What is expected
Copy every record exactly, leaving the pictures out.

Data extracts
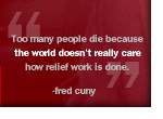 This site is a good starting point for some general background on recent disasters and humanitarian crises and how humanitarian aid response. ReliefWeb is a project of the UN Department of Humanitarian Affairs and aims to enhance logistical, tactical and strategic decision-making in the delivery of humanitarian aid through reliable informatoin on the situation, actors and resources.
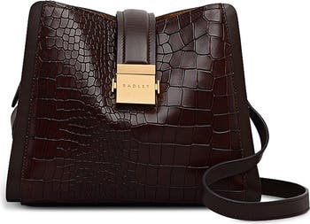 This crossbody bag shaped from croc-embossed leather features a structured silhouette and a mid-sized interior for organizing your everyday belongings neatly.
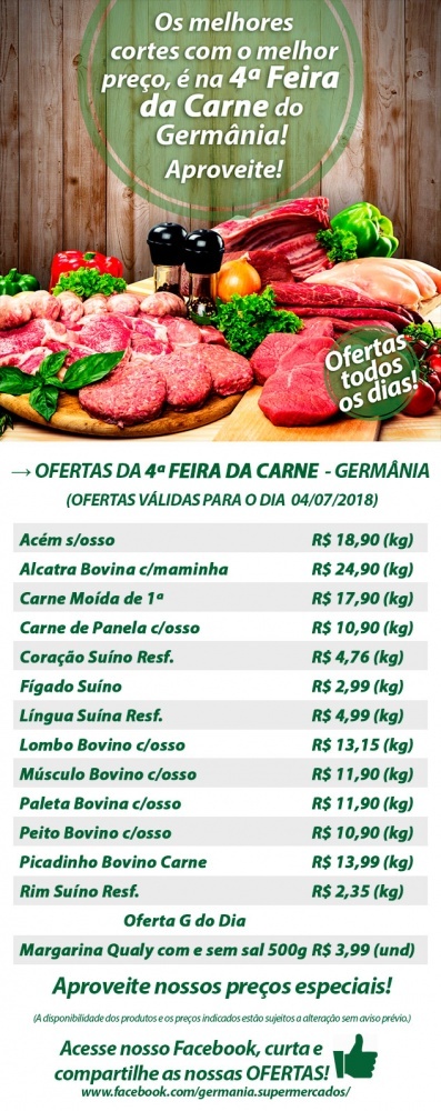 Promoção válida para hoje 04/07 no Germânia Supermercados
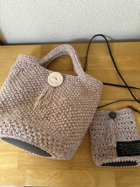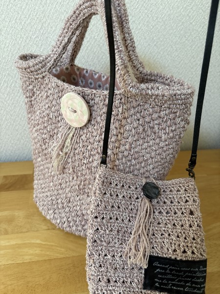 | コットンのかせ糸を2本どりで、円形と小さな長方形のバック底板を使用して、トートバックとスマホショルダーバックを編みました。 | |
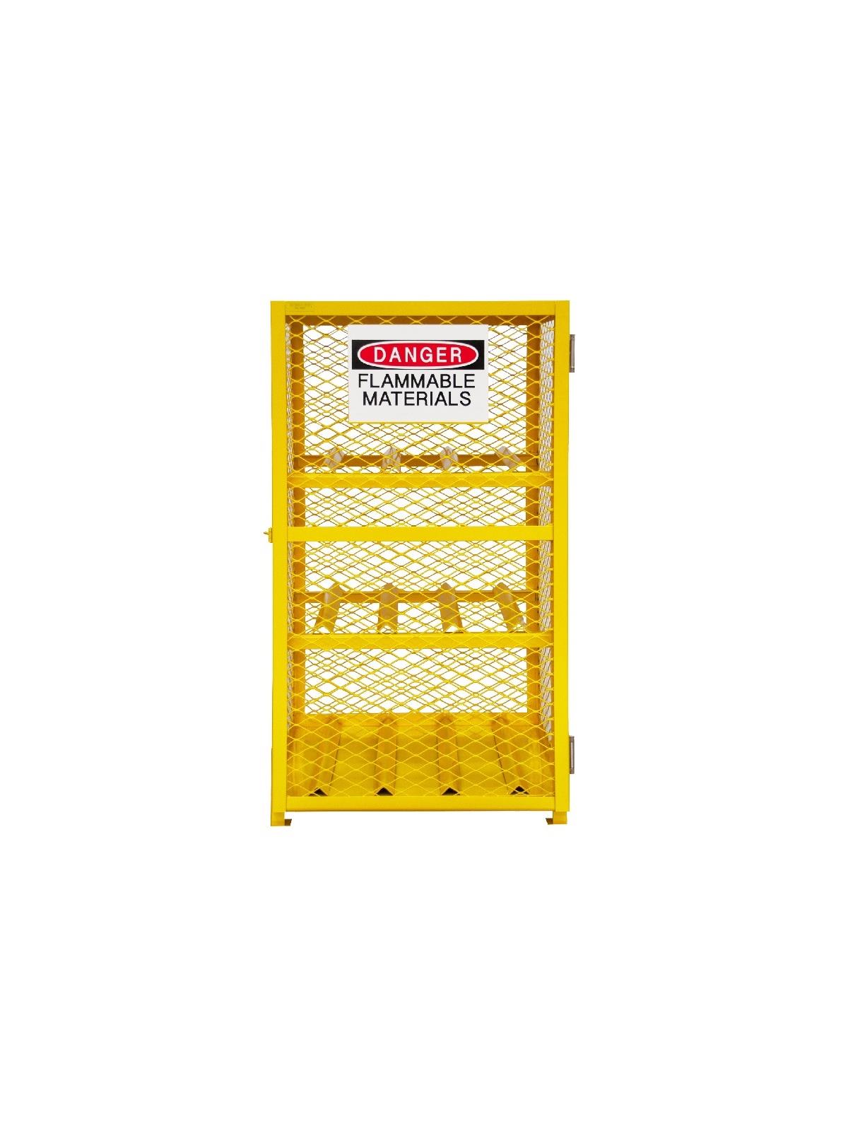 Lockable cabinets store cylinders of fuel, LP gases and other flammable materials on easy-to-access cylinder cradles. "DANGER FLAMMABLE MATERIALS" signs on each door. Magnetic catch keeps doors safely shut when not locked. Heavy-duty butt hinges keep doors from sagging. Includes padlock hasp to secure contents - padlock not furnished. Made of sturdy 1-1/2" x 1/8" angle iron frame. Pre-drilled holes for lagging to floor. Durable, rust and acid resistant safety Yellow powder coat finish. When used properly, units are in full compliance with OSHA and NFPA standards. FOB Shipping Point.
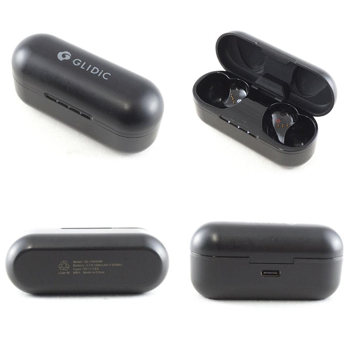 GLIDiC TW-6100 完全ワイヤレスイヤホン USED美品 GL-TW6100 ノイズキャンセリング ANC 外音取込 マイク 防水 IPX5 ブラック 完動品 V1693

Your response
 This site is a good starting point for some general background on recent disasters and humanitarian crises and how humanitarian aid response. ReliefWeb is a project of the UN Department of Humanitarian Affairs and aims to enhance logistical, tactical and strategic decision-making in the delivery of humanitarian aid through reliable informatoin on the situation, actors and resources.
 This crossbody bag shaped from croc-embossed leather features a structured silhouette and a mid-sized interior for organizing your everyday belongings neatly.
 Promoção válida para hoje 04/07 no Germânia Supermercados
 | コットンのかせ糸を2本どりで、円形と小さな長方形のバック底板を使用して、トートバックとスマホショルダーバックを編みました。 | |
 Lockable cabinets store cylinders of fuel, LP gases and other flammable materials on easy-to-access cylinder cradles. "DANGER FLAMMABLE MATERIALS" signs on each door. Magnetic catch keeps doors safely shut when not locked. Heavy-duty butt hinges keep doors from sagging. Includes padlock hasp to secure contents - padlock not furnished. Made of sturdy 1-1/2" x 1/8" angle iron frame. Pre-drilled holes for lagging to floor. Durable, rust and acid resistant safety Yellow powder coat finish. When used properly, units are in full compliance with OSHA and NFPA standards. FOB Shipping Point.
 GLIDiC TW-6100 完全ワイヤレスイヤホン USED美品 GL-TW6100 ノイズキャンセリング ANC 外音取込 マイク 防水 IPX5 ブラック 完動品 V1693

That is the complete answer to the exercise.